- Directed by: Charles Saunders
- Screenplay by: Doreen Montgomery
- Produced by: Guido Coen
- Starring: Paul Carpenter Melissa Stribling John Laurie
- Cinematography: Brendan J. Stafford
- Edited by: Jerry Levy
- Music by: Reg Owen
- Production company: Fortress Productions
- Release date: 6 May 1957;
- Running time: 56 minutes
- Country: United Kingdom
- Language: English

= Murder Reported =

1957 British film by Charles Saunders

Murder Reported is a 1957 British second feature ('B') film directed by Charles Saunders and starring Paul Carpenter, Melissa Stribling and John Laurie. It was written by Doreen Montgomery based on the 1953 novel Murder for the Million by Robert Chapman.
==Plot==
Following a tip-off from their newspaper's informant Mr. Hatter, reporters Jeff Holly and Amanda North are assigned to cover a murder case where a body has been found in a suitcase. A woman identifies the body as that of her late aunt, who has already been buried. When her coffin is opened it is found to contain the body of Councillor Hollond, a local politician. Holly and North discover that Hatter murdered Hollond and switched the bodies.

==Cast==
- Paul Carpenter as Jeff Holly
- Melissa Stribling as Amanda North
- John Laurie as Mac
- Peter Swanwick as Hatter
- Patrick Holt as Bill Stevens
- Maurice Durant as Carmady
- Georgia Brown as Myra
- Yvonne Warren as Betty
- Gladys Boot as Dorothy

== Reception ==
The Monthly Film Bulletin wrote: "Superficial in its approach and weak in construction, this innocuous thriller loses any opportunities its sordid crime subject might have offered. Nevertheless one must acknowledge in its favour good location photography, crisp dialogue and efficient acting."

Kine Weekly wrote: "The picture attempts the inconsequential approach to crime, but sadly lacks essential pep and polish. Paul Carpenter is a manly Jeff, and Melissa Stribling displays a certain amount of charm as Amanda, but Peter Swanwick has to show his hand much too early as killer Hatter, and the rest mean little."

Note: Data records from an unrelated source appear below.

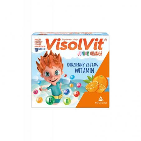 Visolvit Junior Orange to suplement diety w postaci granulek o smaku pomarańczowym, przeznaczony dla dzieci powyżej 3. roku życia i młodzieży. Zawarty w nim zestaw witamin wspiera prawidłowe funkcjonowanie organizmu, w tym odporność.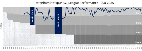 In 1908, the club was elected into the Football League Second Division and won promotion to the First Division in their first season, finishing runners-up. In 1912, Peter McWilliam became manager; Tottenham finished bottom of the league at the end of the 1914–15 season when football was suspended due to the First World War. Spurs were relegated to the Second Division on the resumption of league football after the war, but quickly returned to the First Division as Second Division champions of the 1919–20 season.[22]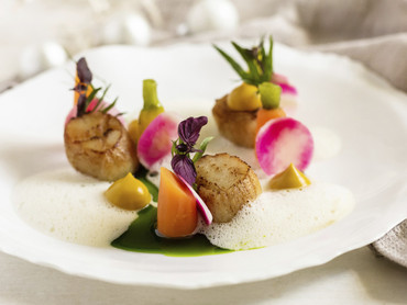 Jakobsmuscheln mit Karottenpüree und Estragonsauce (von Johann Lafer)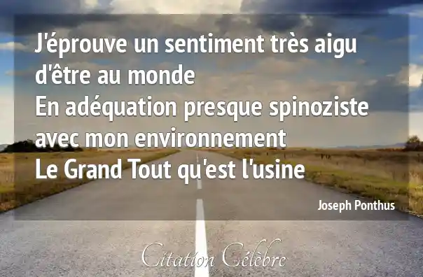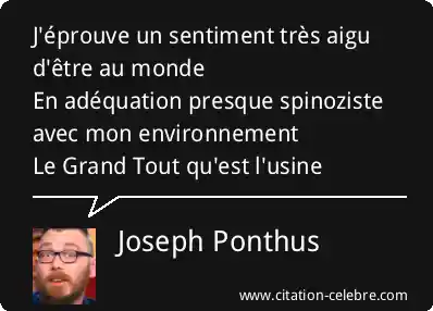 J'éprouve un sentiment très aigu d'être au mondeEn adéquation presque spinoziste avec mon environnementLe Grand Tout qu'est l'usine

Picture Show wrote: "Well-made crime film starring Paul Carpenter as newspaper reporter who solves several crimes with the aid of his boss's daughter, Amanda, a part which is attractively played by Melissa Stribling. Supporting roles are competently acted and newcomer Yvonne Warren does well as a glamorous barmaid."

Picturegoer wrote: "By relegating the men in blue to a back seat, the film – despite tolerably good acting – sacrifices credulity and creates more unintentional laughs than intentional thrills. Skip it!"

Variety wrote: "It's pretty old hat in conception, and there isn't much diverting about its variations. It stacks up as just another feature for double-bill filler and mild even in that classification. ... Performances are adequate although nothing much can be done with the frequently tiresome characters. The picture is exceptionally short (less than an hour), and this, possibly, will be its greatest asset in booking."

In British Sound Films: The Studio Years 1928–1959 David Quinlan rated the film as "mediocre", writing: "Breezily acted but crime drama evokes more laughs than thrills."